--- START ---
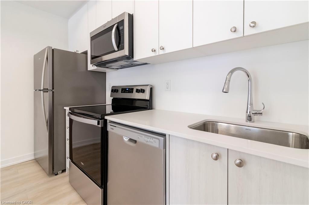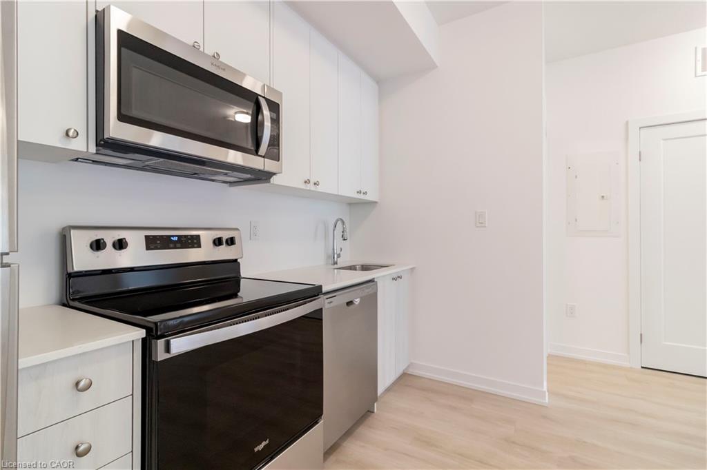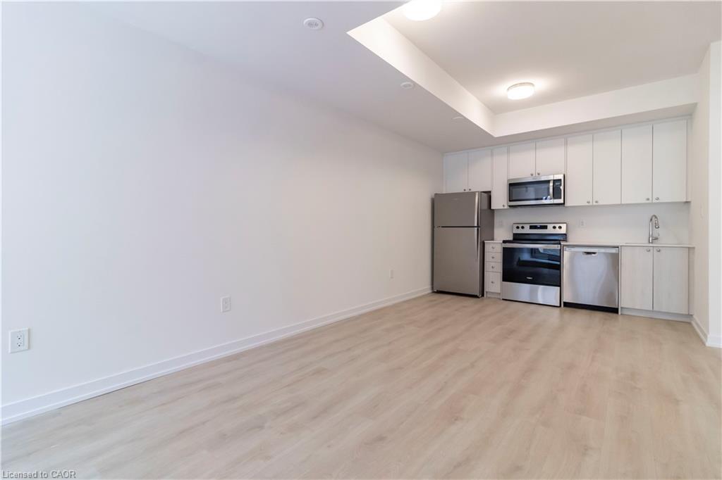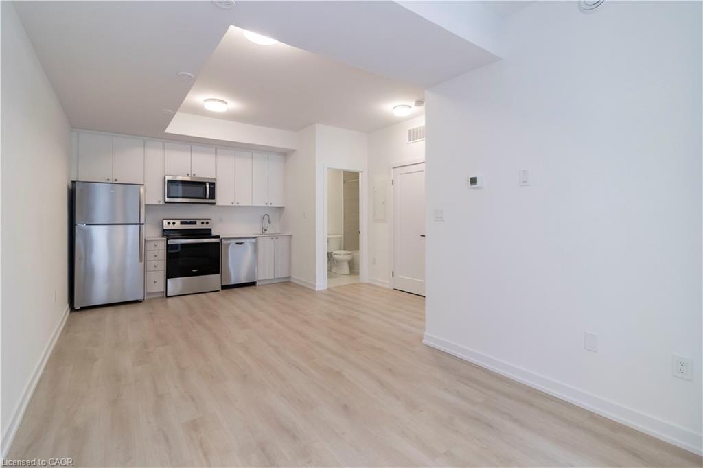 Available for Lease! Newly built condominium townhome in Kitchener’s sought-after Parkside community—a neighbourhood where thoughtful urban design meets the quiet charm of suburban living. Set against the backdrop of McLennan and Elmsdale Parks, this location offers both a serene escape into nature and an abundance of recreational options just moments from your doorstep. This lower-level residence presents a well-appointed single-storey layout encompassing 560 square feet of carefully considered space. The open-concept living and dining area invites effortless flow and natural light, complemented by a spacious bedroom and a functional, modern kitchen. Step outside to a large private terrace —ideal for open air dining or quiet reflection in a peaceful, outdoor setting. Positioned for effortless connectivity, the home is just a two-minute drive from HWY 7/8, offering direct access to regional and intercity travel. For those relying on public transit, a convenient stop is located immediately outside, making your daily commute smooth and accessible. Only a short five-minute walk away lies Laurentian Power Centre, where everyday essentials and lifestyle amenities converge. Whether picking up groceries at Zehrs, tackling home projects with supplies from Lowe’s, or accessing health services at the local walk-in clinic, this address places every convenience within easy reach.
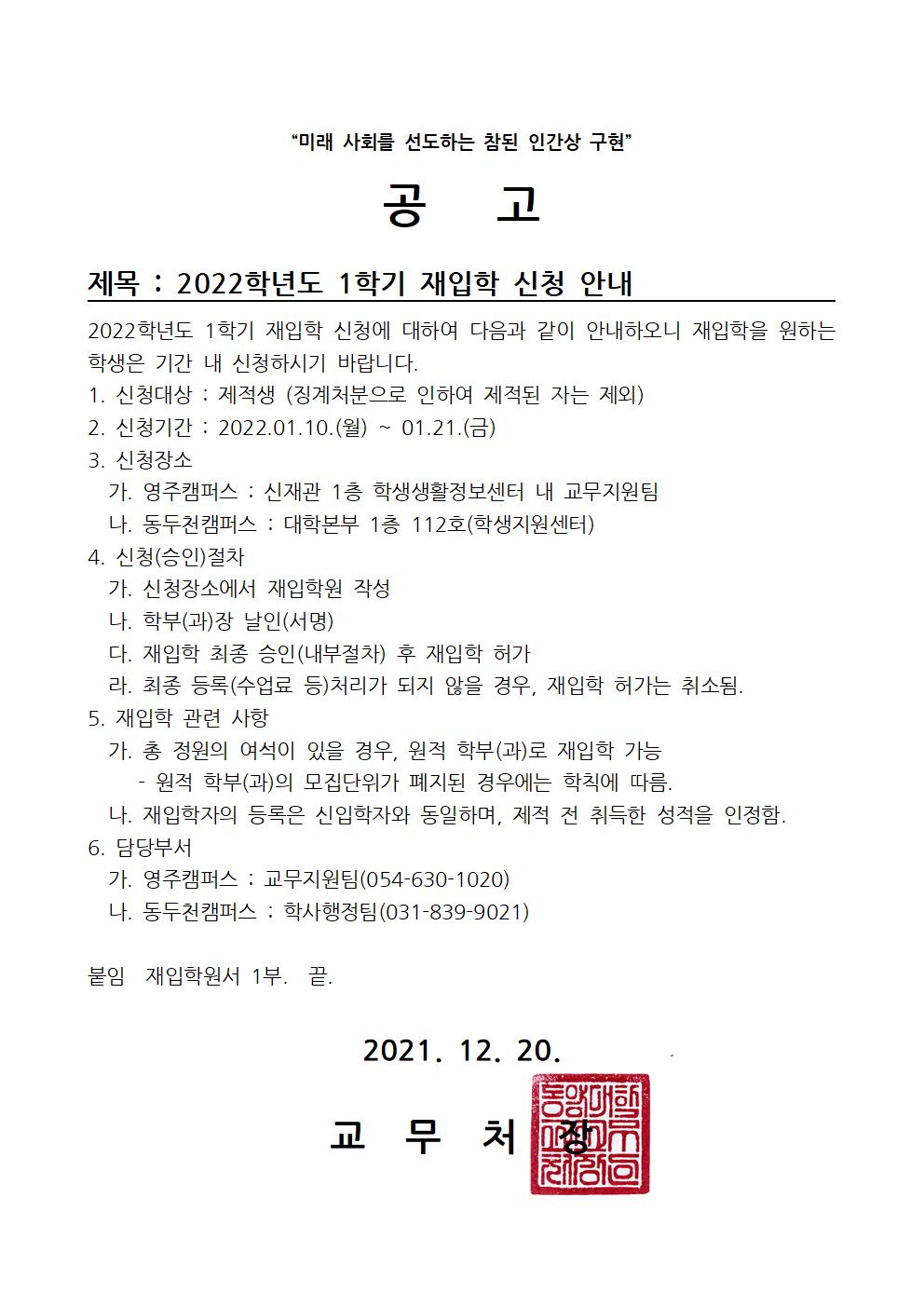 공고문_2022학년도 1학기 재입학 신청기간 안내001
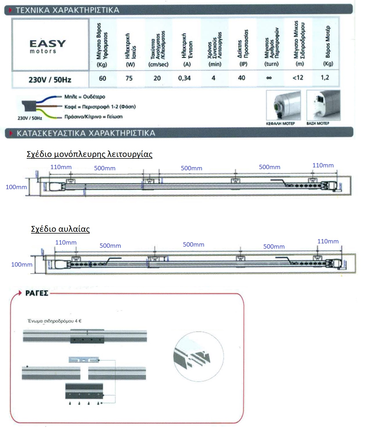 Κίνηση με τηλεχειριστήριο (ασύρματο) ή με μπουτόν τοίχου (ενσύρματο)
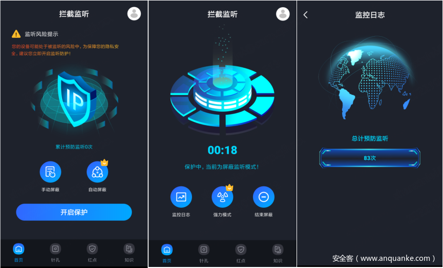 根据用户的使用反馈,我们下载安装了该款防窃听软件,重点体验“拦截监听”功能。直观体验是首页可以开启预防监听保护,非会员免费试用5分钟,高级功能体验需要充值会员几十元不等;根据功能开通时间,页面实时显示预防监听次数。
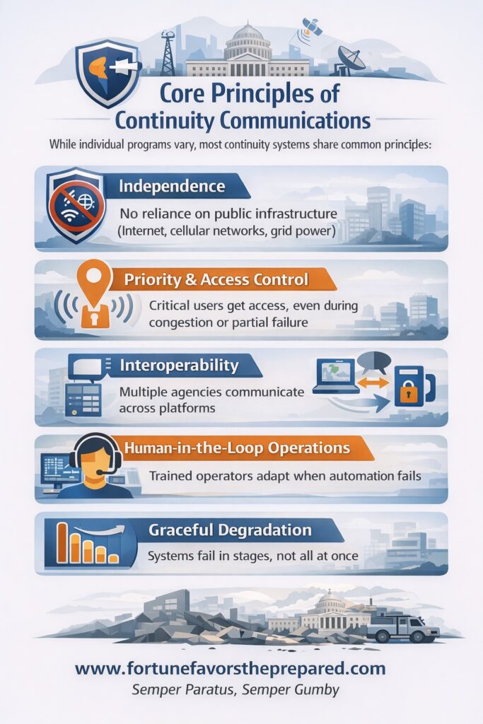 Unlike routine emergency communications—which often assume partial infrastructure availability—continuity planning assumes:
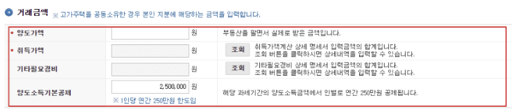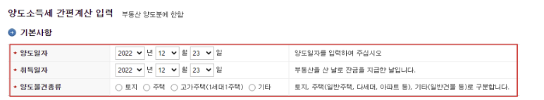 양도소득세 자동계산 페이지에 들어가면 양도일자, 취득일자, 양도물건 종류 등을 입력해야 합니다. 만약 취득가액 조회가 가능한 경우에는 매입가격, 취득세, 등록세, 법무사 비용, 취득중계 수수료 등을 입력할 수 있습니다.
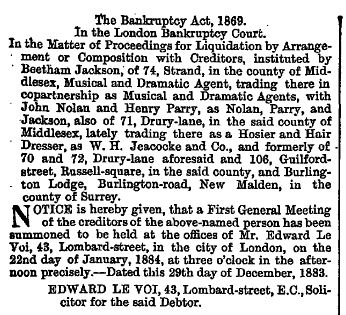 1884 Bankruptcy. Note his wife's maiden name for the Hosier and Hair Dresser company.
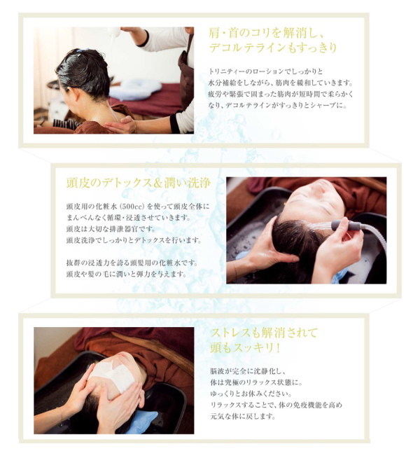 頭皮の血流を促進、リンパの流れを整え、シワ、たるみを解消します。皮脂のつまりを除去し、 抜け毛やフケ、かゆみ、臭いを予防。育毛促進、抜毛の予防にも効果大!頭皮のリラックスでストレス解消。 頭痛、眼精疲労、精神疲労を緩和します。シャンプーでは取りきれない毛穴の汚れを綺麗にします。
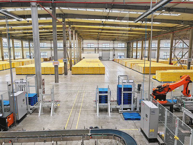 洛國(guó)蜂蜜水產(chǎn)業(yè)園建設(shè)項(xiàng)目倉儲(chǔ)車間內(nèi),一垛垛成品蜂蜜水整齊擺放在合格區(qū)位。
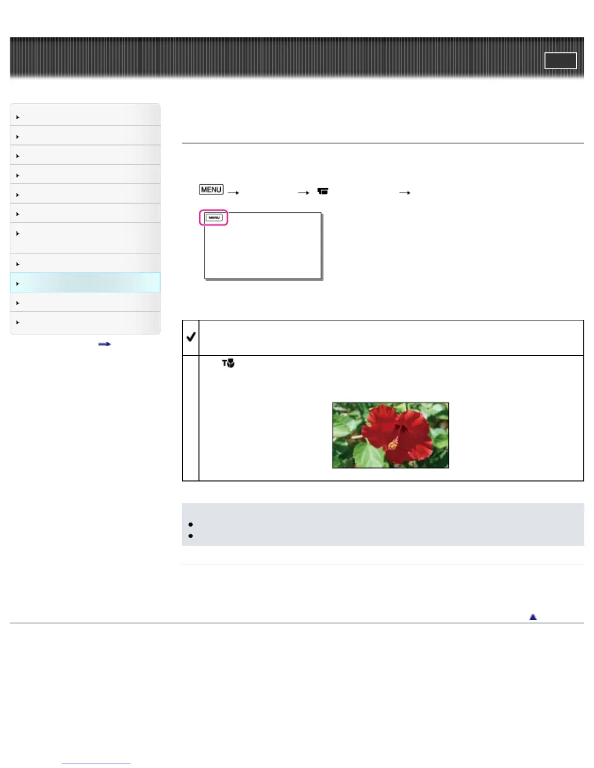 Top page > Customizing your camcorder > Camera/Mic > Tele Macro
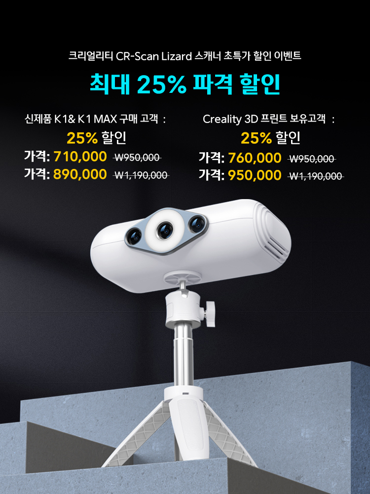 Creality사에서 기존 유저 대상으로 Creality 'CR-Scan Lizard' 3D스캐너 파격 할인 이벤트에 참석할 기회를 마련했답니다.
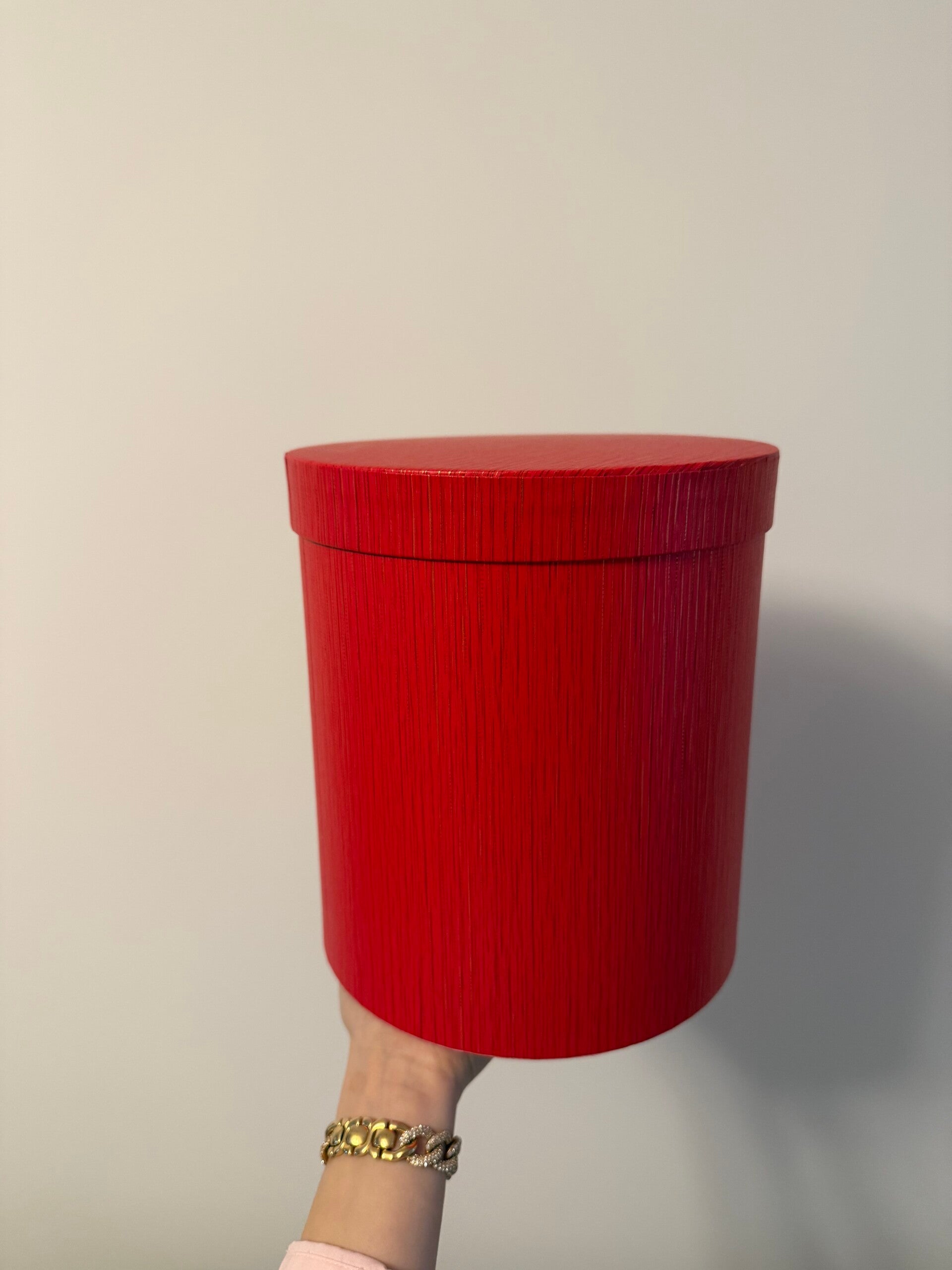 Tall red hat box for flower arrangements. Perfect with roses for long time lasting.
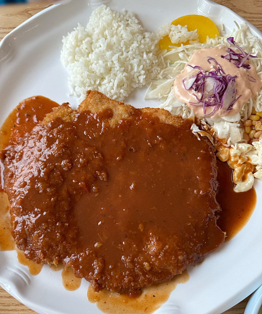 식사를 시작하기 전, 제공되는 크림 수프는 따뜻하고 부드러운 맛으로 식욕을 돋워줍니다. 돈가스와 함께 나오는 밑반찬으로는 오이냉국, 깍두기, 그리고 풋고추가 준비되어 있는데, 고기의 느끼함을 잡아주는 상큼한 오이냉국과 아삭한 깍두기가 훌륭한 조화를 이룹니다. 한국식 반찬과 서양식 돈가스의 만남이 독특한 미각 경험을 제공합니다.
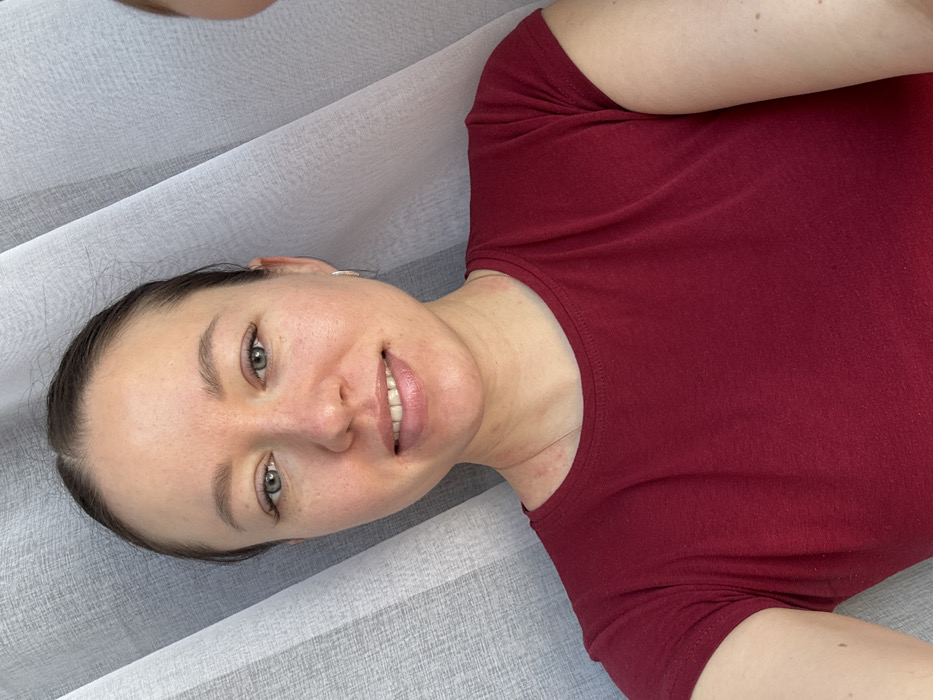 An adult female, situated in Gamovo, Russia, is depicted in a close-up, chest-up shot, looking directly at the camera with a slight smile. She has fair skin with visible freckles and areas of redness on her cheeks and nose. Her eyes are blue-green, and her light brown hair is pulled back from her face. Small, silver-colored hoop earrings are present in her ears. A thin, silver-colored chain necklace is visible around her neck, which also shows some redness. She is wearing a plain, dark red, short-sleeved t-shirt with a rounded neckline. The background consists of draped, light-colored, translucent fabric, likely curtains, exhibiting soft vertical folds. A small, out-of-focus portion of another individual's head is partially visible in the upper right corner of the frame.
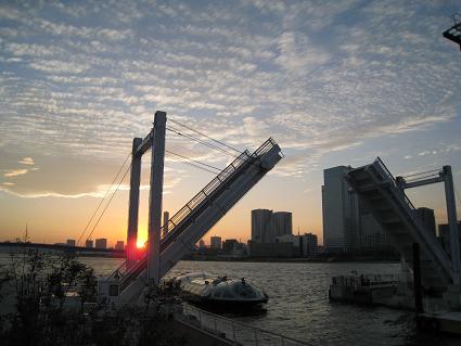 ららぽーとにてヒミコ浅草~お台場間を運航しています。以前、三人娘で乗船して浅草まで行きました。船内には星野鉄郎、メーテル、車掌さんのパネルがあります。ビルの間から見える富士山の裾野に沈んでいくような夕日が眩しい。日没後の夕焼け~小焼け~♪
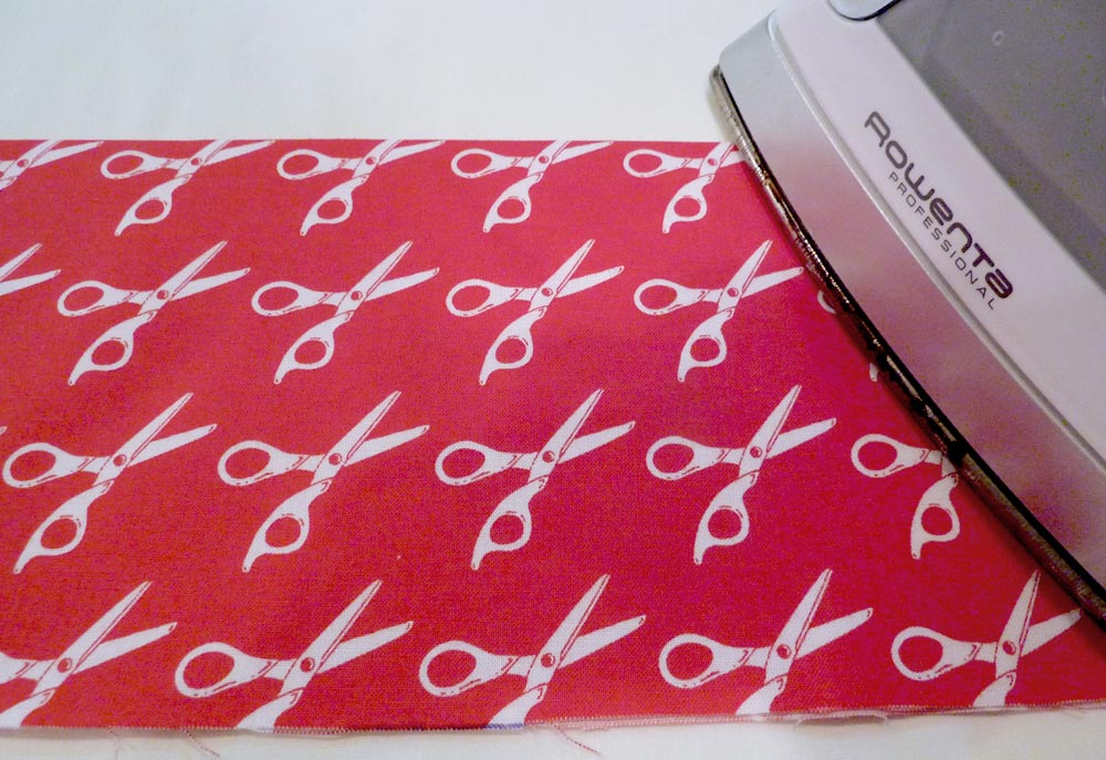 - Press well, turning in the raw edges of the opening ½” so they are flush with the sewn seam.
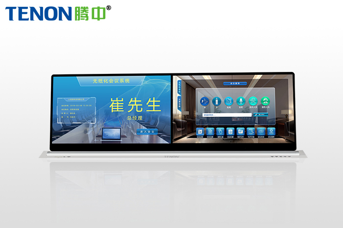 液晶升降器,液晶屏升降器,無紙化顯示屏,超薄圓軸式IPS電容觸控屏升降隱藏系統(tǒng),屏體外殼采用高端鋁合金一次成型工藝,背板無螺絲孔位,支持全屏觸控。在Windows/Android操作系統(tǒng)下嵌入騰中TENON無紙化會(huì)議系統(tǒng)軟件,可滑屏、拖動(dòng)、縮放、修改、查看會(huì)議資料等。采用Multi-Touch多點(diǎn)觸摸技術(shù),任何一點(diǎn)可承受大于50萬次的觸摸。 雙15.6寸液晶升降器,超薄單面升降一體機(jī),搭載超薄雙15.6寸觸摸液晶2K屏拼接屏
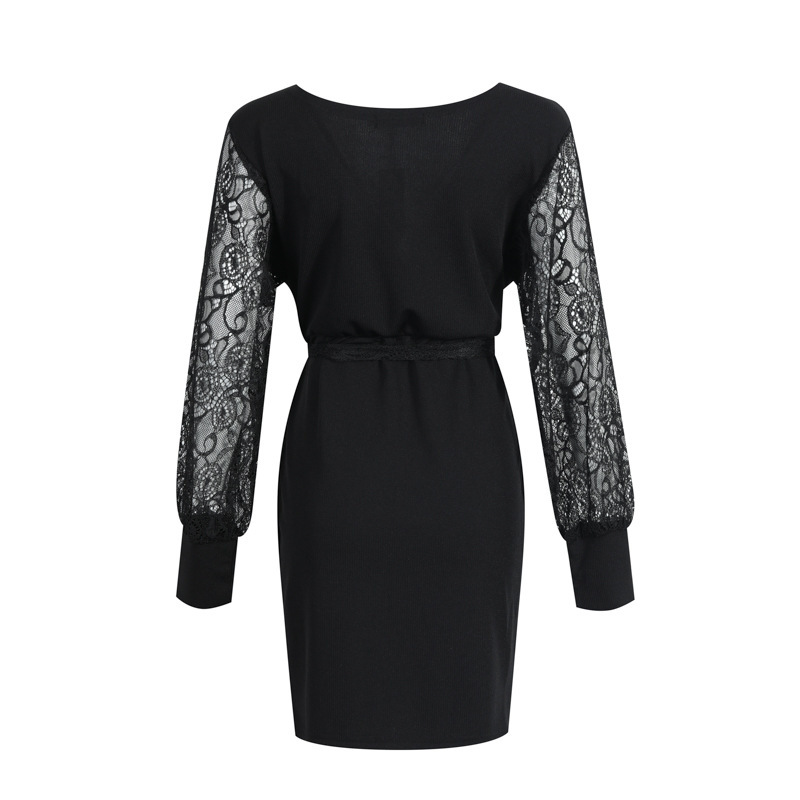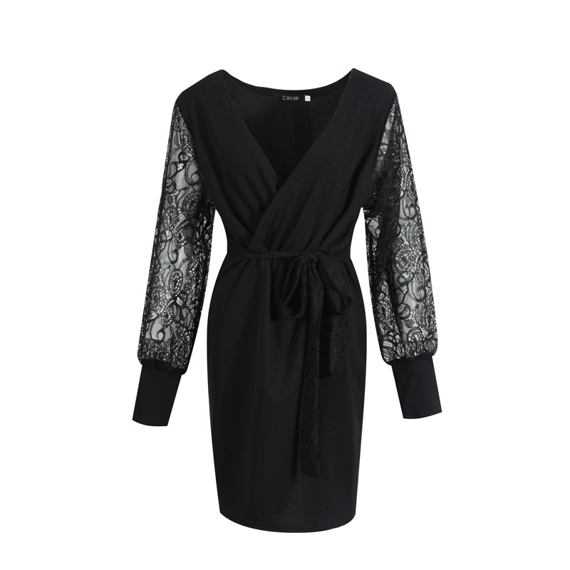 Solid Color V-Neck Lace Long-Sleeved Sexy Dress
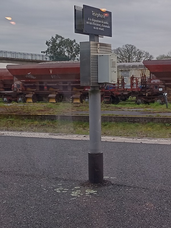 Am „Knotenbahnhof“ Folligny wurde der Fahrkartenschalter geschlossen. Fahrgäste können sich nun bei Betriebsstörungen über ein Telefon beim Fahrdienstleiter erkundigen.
--- END ---
» **Description of the task**
Exact copy, pictures excluded: from the line with "양도소득세 자동계산 페이지에" up to and including the line with "洛國(guó)蜂蜜水產(ch" in the data above.

» **Answer for this exercise**
 양도소득세 자동계산 페이지에 들어가면 양도일자, 취득일자, 양도물건 종류 등을 입력해야 합니다. 만약 취득가액 조회가 가능한 경우에는 매입가격, 취득세, 등록세, 법무사 비용, 취득중계 수수료 등을 입력할 수 있습니다.
 1884 Bankruptcy. Note his wife's maiden name for the Hosier and Hair Dresser company.
 頭皮の血流を促進、リンパの流れを整え、シワ、たるみを解消します。皮脂のつまりを除去し、 抜け毛やフケ、かゆみ、臭いを予防。育毛促進、抜毛の予防にも効果大!頭皮のリラックスでストレス解消。 頭痛、眼精疲労、精神疲労を緩和します。シャンプーでは取りきれない毛穴の汚れを綺麗にします。
 洛國(guó)蜂蜜水產(chǎn)業(yè)園建設(shè)項(xiàng)目倉儲(chǔ)車間內(nèi),一垛垛成品蜂蜜水整齊擺放在合格區(qū)位。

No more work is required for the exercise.